WORK REQUIRED:
Using the data below, print exactly the line with "Jedenfalls sind #SpatzErwin", the line with "Victorian miniature jug", and every line between them, but none of the pictures.
(DATASET)
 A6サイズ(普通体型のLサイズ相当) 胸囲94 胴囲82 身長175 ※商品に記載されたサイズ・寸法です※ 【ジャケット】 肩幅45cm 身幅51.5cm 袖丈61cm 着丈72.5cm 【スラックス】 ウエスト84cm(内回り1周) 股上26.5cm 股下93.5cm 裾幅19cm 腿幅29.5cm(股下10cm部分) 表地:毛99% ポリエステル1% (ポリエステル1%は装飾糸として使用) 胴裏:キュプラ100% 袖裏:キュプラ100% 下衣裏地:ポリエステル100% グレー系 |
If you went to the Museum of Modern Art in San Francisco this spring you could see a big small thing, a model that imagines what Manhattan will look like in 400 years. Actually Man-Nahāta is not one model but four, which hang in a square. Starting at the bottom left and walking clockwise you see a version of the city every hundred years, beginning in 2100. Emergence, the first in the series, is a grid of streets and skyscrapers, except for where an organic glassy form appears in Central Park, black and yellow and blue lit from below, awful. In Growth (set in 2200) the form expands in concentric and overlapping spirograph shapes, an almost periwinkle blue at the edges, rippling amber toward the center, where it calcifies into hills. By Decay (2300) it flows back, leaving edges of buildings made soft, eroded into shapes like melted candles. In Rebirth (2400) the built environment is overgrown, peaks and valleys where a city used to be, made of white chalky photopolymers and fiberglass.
(End DATASET)
(DATASET)
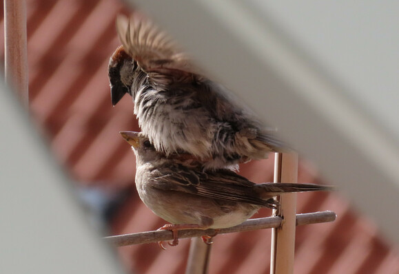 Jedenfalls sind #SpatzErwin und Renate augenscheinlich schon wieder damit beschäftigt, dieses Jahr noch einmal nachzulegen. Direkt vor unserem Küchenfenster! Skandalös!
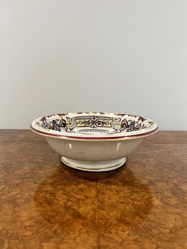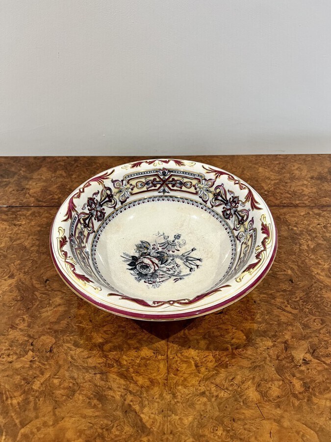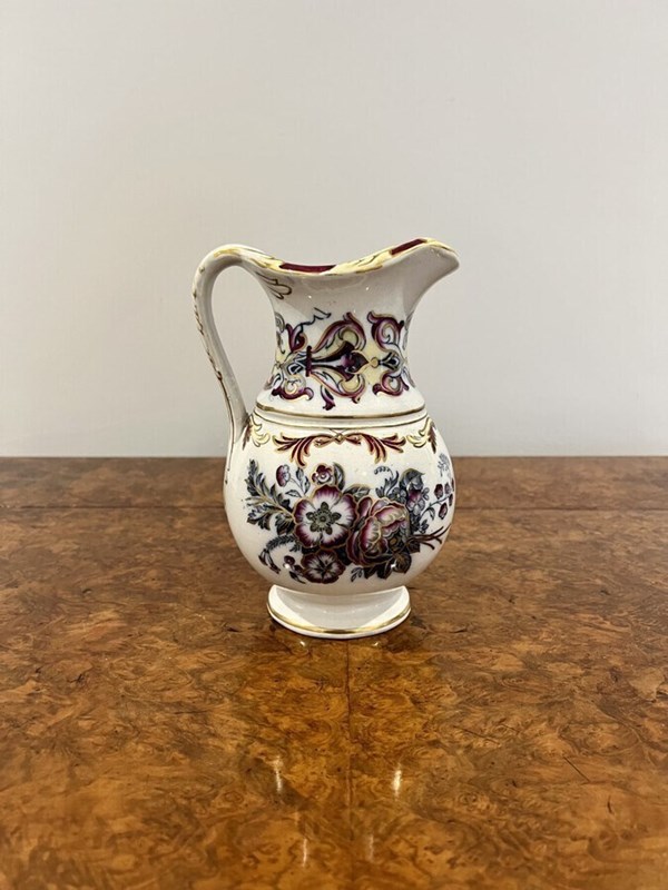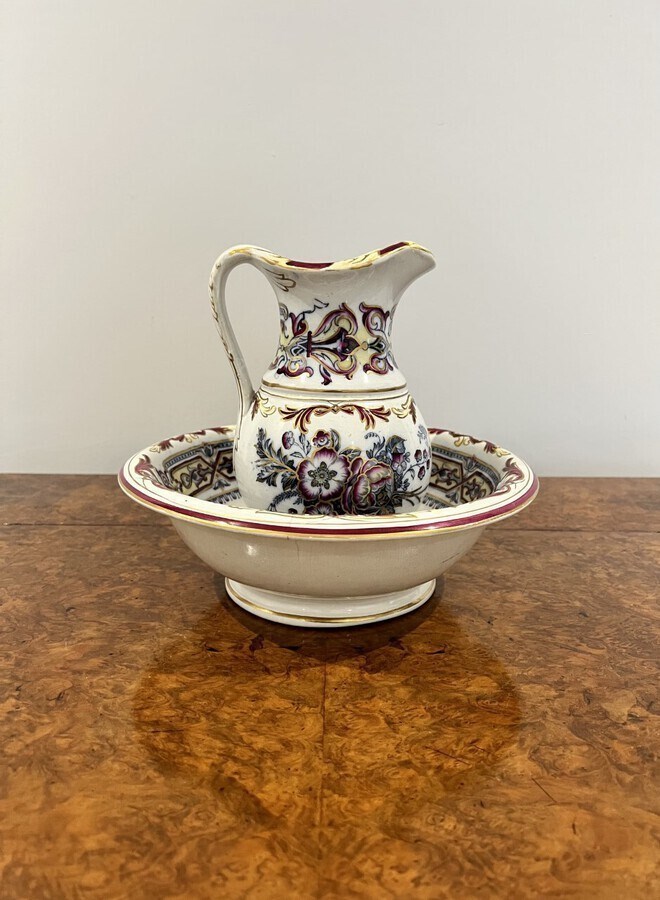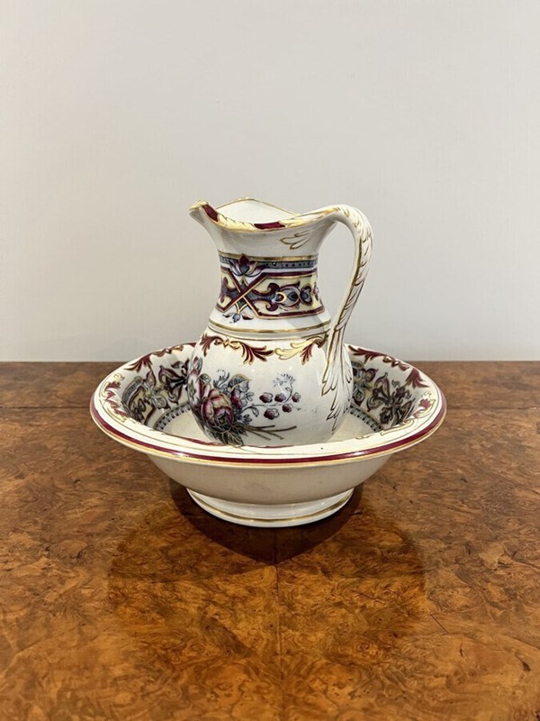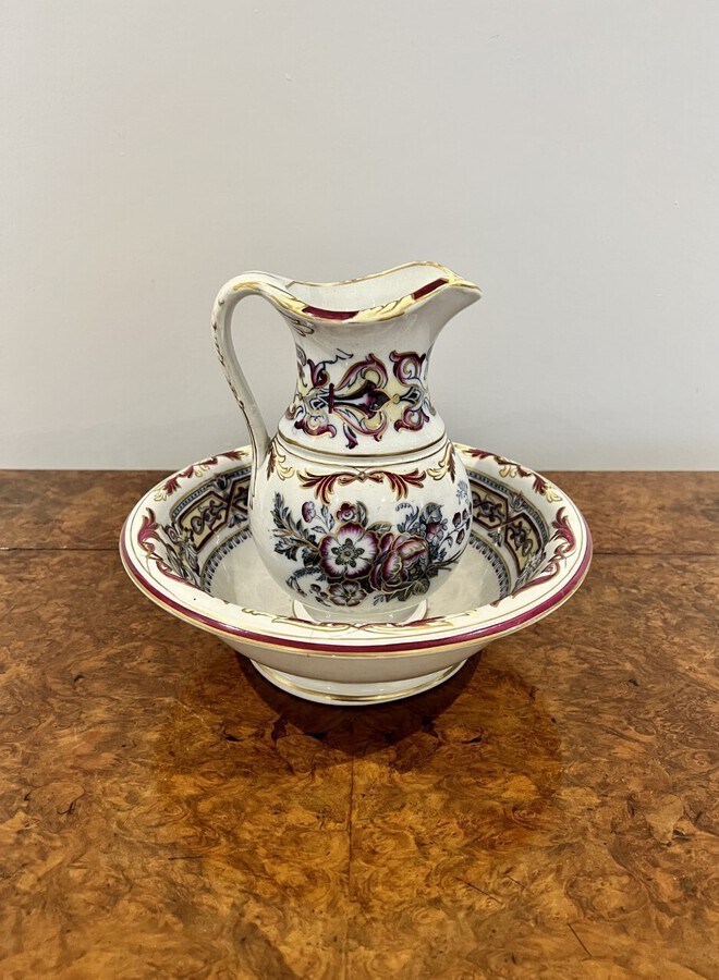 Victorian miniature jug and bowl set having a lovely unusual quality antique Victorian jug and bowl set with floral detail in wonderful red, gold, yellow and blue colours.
(End DATASET)
TASK OUTPUT:
 Jedenfalls sind #SpatzErwin und Renate augenscheinlich schon wieder damit beschäftigt, dieses Jahr noch einmal nachzulegen. Direkt vor unserem Küchenfenster! Skandalös!
 Victorian miniature jug and bowl set having a lovely unusual quality antique Victorian jug and bowl set with floral detail in wonderful red, gold, yellow and blue colours.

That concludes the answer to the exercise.